▶ _EXERCISE DIRECTIONS_
Transcribe the records below exactly as they appear, omitting any pictures.

▶ _DATA_
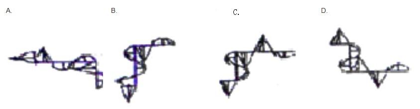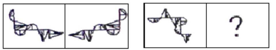 下图的图形折叠后将成为四个图形中的一个,请选出折叠后的正确图案。
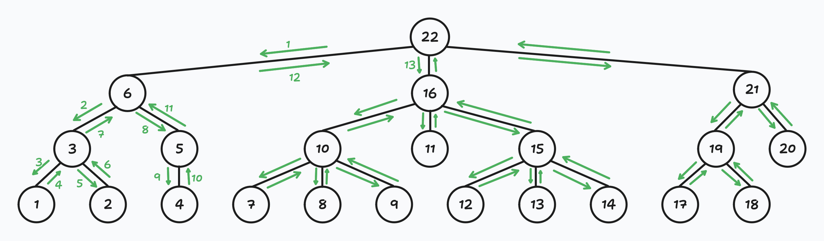 Fortunately, we can do it in two traversals π. I call them the first walk and the second walk.
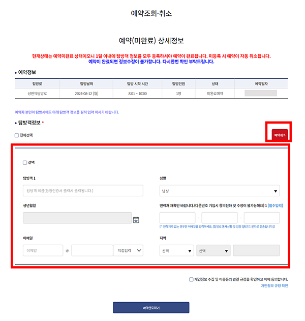 개인정보 수집 확인에 체크를 해 주시고 [예약완료하기] 버튼을 눌러주시면 됩니다.
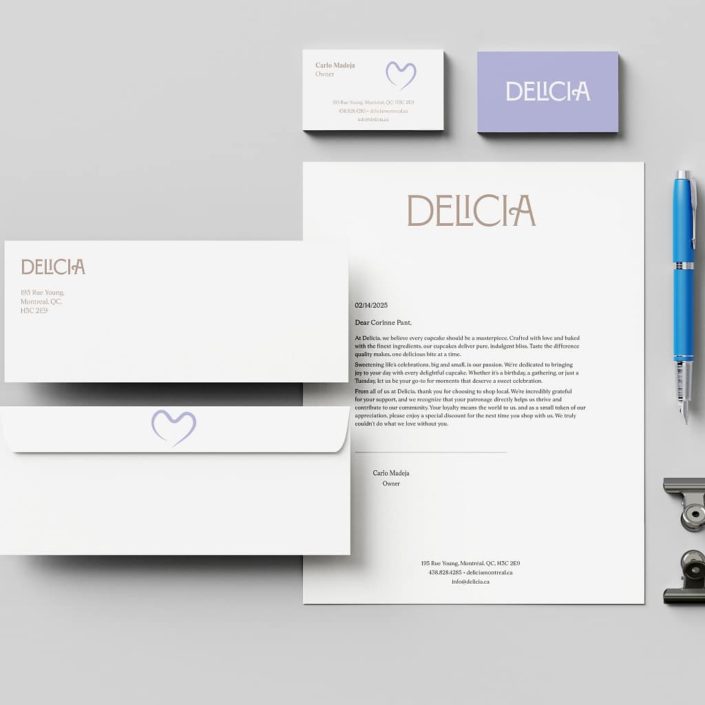 A stationary set for Delicia, a cupcake and sweets bakery.
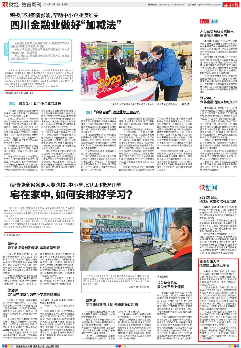 報道鏈接:https://epaper.scdaily.cn/shtml/scrb/20200212/231297.shtml
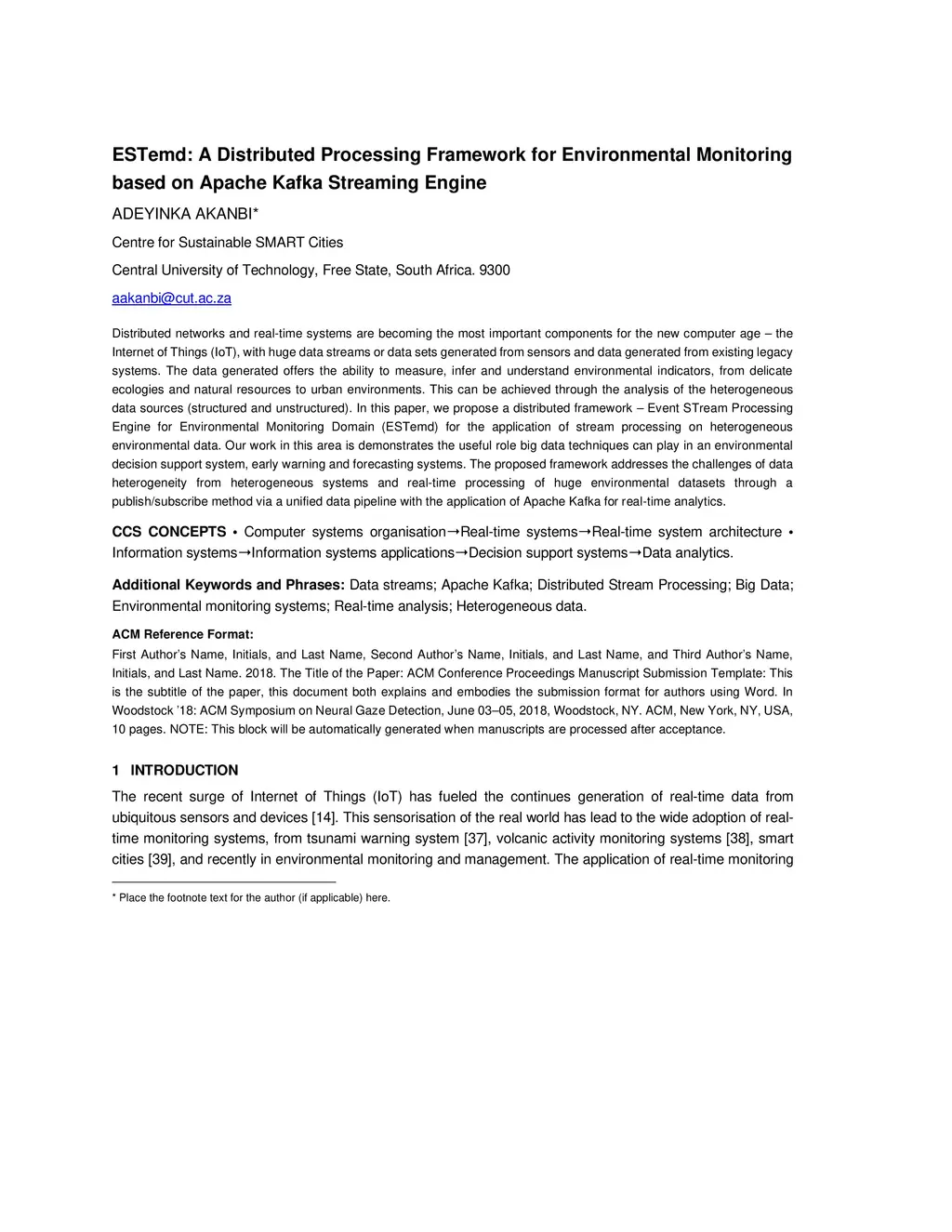 ESTemd: A Distributed Processing Framework for Environmental Monitoring
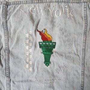 This denim jacket from Brooklyn Cloth has a cool vintage-y look. It is embellished with patches on the front and the arms along with embroidery on the back. Most of the designs are New York-themed. The material is 90/10 cotton/spandex blend. The jacket is in good condition with some fading; it is free of visible stains.

▶ _RESPONSE BELOW_
 下图的图形折叠后将成为四个图形中的一个,请选出折叠后的正确图案。
 Fortunately, we can do it in two traversals π. I call them the first walk and the second walk.
 개인정보 수집 확인에 체크를 해 주시고 [예약완료하기] 버튼을 눌러주시면 됩니다.
 A stationary set for Delicia, a cupcake and sweets bakery.
 報道鏈接:https://epaper.scdaily.cn/shtml/scrb/20200212/231297.shtml
 ESTemd: A Distributed Processing Framework for Environmental Monitoring
 This denim jacket from Brooklyn Cloth has a cool vintage-y look. It is embellished with patches on the front and the arms along with embroidery on the back. Most of the designs are New York-themed. The material is 90/10 cotton/spandex blend. The jacket is in good condition with some fading; it is free of visible stains.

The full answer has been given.